Fig 3. Reovirus undergoes microtubule-dependent fast axonal transport in neurons.

(A) CNs were treated with the drugs shown, adsorbed with T3SA+ virions, and viral puncta transported per field-of-view were enumerated following treatment. Bars indicate mean values from at least two independent experiments, each with one to two samples, normalized to untreated control. Error bars indicate SEM. Individual data points are averages from 8 to 12 fields-of-view from each sample. Values that differ significantly from control by ANOVA and Dunnett's test are indicated (****, P < 0.0001). (B-E) CNs or DRGs were adsorbed with fluorescently-labeled T1L, T3SA+, or T3SA- virions for 30 min. The inoculum was removed, and the motion of virions was recorded using live-cell fluorescence imaging. (B) Time-lapse images of representative fields are shown for T3SA+ with positions of individual puncta tracked over time with discrete arrows or arrowheads. (C) Kymographs corresponding to B show the positions (x) of individual puncta along an axon over time (t).

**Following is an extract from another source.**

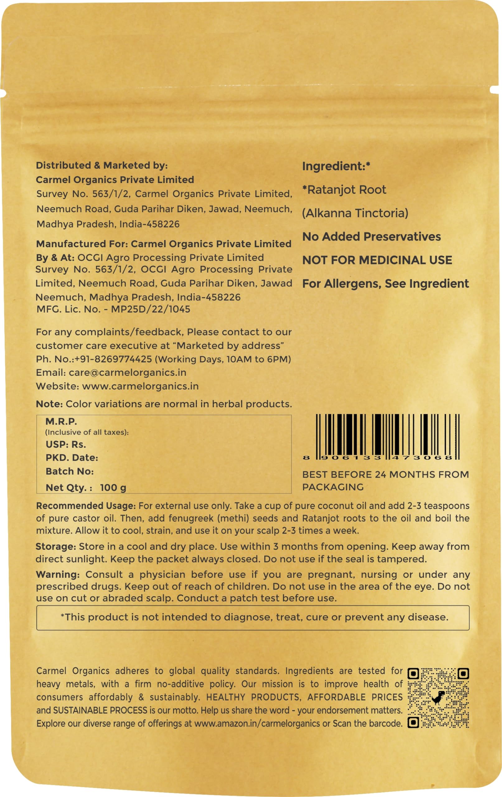 CARMEL ORGANICS Ratanjot Roots 100 Grams | Alkanet Root - Alkanna Tinctoria For Cooking Hair Fall Hair Growth Skin | Natural | Non GMO| No Added Preservatives and Additives

Scale bars, 5 μm. (D) Track speed was calculated for the reovirus strains shown as the overall distance traveled by each fluorescent reovirus puncta during the tracked interval (n > 300 tracks). MF refers to neurons cultured in microfluidic devices. Bars indicate medians, and error bars indicate 95% confidence intervals. (E) Fluorescent puncta transported for distances greater than 5 μm in each 82 x 82 μm field-of-view during 1 min of live-cell imaging were enumerated. Bars indicate means normalized to T3SA+, and error bars indicate SEM. Individual data points are averages from 8 to 12 fields-of-view for each sample. Values that differ significantly from T3SA+ by ANOVA and Dunnett's test are indicated (*, P < 0.05; **, P < 0.01; ****, P < 0.0001).